**Your instructions**. The data beneath this task has to be reprinted character for character.
---------- Supplied records
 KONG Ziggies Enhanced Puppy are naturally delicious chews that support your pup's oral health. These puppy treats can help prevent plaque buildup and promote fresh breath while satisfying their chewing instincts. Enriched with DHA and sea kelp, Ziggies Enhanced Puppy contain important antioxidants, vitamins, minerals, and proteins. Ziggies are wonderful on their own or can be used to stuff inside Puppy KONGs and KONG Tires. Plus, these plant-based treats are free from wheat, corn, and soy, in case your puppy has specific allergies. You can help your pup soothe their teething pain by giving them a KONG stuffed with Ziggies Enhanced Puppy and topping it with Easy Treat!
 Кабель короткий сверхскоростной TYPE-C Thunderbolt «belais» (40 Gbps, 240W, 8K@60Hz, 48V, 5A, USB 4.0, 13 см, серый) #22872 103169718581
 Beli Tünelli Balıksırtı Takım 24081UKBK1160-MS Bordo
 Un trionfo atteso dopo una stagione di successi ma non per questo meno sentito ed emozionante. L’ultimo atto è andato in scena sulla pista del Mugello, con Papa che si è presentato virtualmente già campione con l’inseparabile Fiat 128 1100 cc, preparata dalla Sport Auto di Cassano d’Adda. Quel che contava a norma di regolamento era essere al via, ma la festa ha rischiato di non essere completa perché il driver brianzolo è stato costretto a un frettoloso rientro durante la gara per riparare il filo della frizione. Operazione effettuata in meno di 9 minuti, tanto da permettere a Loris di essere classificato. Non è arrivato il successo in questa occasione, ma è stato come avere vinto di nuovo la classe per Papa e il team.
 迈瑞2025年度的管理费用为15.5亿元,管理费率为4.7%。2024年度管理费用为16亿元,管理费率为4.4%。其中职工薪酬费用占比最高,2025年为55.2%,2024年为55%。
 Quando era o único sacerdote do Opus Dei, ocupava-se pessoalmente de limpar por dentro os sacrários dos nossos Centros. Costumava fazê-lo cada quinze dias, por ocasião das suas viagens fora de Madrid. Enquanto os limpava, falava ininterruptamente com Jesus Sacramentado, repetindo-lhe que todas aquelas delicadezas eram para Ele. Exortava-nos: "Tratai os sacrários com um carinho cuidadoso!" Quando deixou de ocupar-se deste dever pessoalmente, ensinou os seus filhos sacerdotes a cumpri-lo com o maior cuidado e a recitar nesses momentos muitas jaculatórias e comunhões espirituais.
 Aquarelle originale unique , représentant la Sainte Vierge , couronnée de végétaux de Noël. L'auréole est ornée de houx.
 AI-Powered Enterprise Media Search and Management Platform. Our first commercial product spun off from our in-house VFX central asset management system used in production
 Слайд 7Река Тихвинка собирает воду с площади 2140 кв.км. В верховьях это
--------------------
**Result**.
 KONG Ziggies Enhanced Puppy are naturally delicious chews that support your pup's oral health. These puppy treats can help prevent plaque buildup and promote fresh breath while satisfying their chewing instincts. Enriched with DHA and sea kelp, Ziggies Enhanced Puppy contain important antioxidants, vitamins, minerals, and proteins. Ziggies are wonderful on their own or can be used to stuff inside Puppy KONGs and KONG Tires. Plus, these plant-based treats are free from wheat, corn, and soy, in case your puppy has specific allergies. You can help your pup soothe their teething pain by giving them a KONG stuffed with Ziggies Enhanced Puppy and topping it with Easy Treat!
 Кабель короткий сверхскоростной TYPE-C Thunderbolt «belais» (40 Gbps, 240W, 8K@60Hz, 48V, 5A, USB 4.0, 13 см, серый) #22872 103169718581
 Beli Tünelli Balıksırtı Takım 24081UKBK1160-MS Bordo
 Un trionfo atteso dopo una stagione di successi ma non per questo meno sentito ed emozionante. L’ultimo atto è andato in scena sulla pista del Mugello, con Papa che si è presentato virtualmente già campione con l’inseparabile Fiat 128 1100 cc, preparata dalla Sport Auto di Cassano d’Adda. Quel che contava a norma di regolamento era essere al via, ma la festa ha rischiato di non essere completa perché il driver brianzolo è stato costretto a un frettoloso rientro durante la gara per riparare il filo della frizione. Operazione effettuata in meno di 9 minuti, tanto da permettere a Loris di essere classificato. Non è arrivato il successo in questa occasione, ma è stato come avere vinto di nuovo la classe per Papa e il team.
 迈瑞2025年度的管理费用为15.5亿元,管理费率为4.7%。2024年度管理费用为16亿元,管理费率为4.4%。其中职工薪酬费用占比最高,2025年为55.2%,2024年为55%。
 Quando era o único sacerdote do Opus Dei, ocupava-se pessoalmente de limpar por dentro os sacrários dos nossos Centros. Costumava fazê-lo cada quinze dias, por ocasião das suas viagens fora de Madrid. Enquanto os limpava, falava ininterruptamente com Jesus Sacramentado, repetindo-lhe que todas aquelas delicadezas eram para Ele. Exortava-nos: "Tratai os sacrários com um carinho cuidadoso!" Quando deixou de ocupar-se deste dever pessoalmente, ensinou os seus filhos sacerdotes a cumpri-lo com o maior cuidado e a recitar nesses momentos muitas jaculatórias e comunhões espirituais.
 Aquarelle originale unique , représentant la Sainte Vierge , couronnée de végétaux de Noël. L'auréole est ornée de houx.
 AI-Powered Enterprise Media Search and Management Platform. Our first commercial product spun off from our in-house VFX central asset management system used in production
 Слайд 7Река Тихвинка собирает воду с площади 2140 кв.км. В верховьях это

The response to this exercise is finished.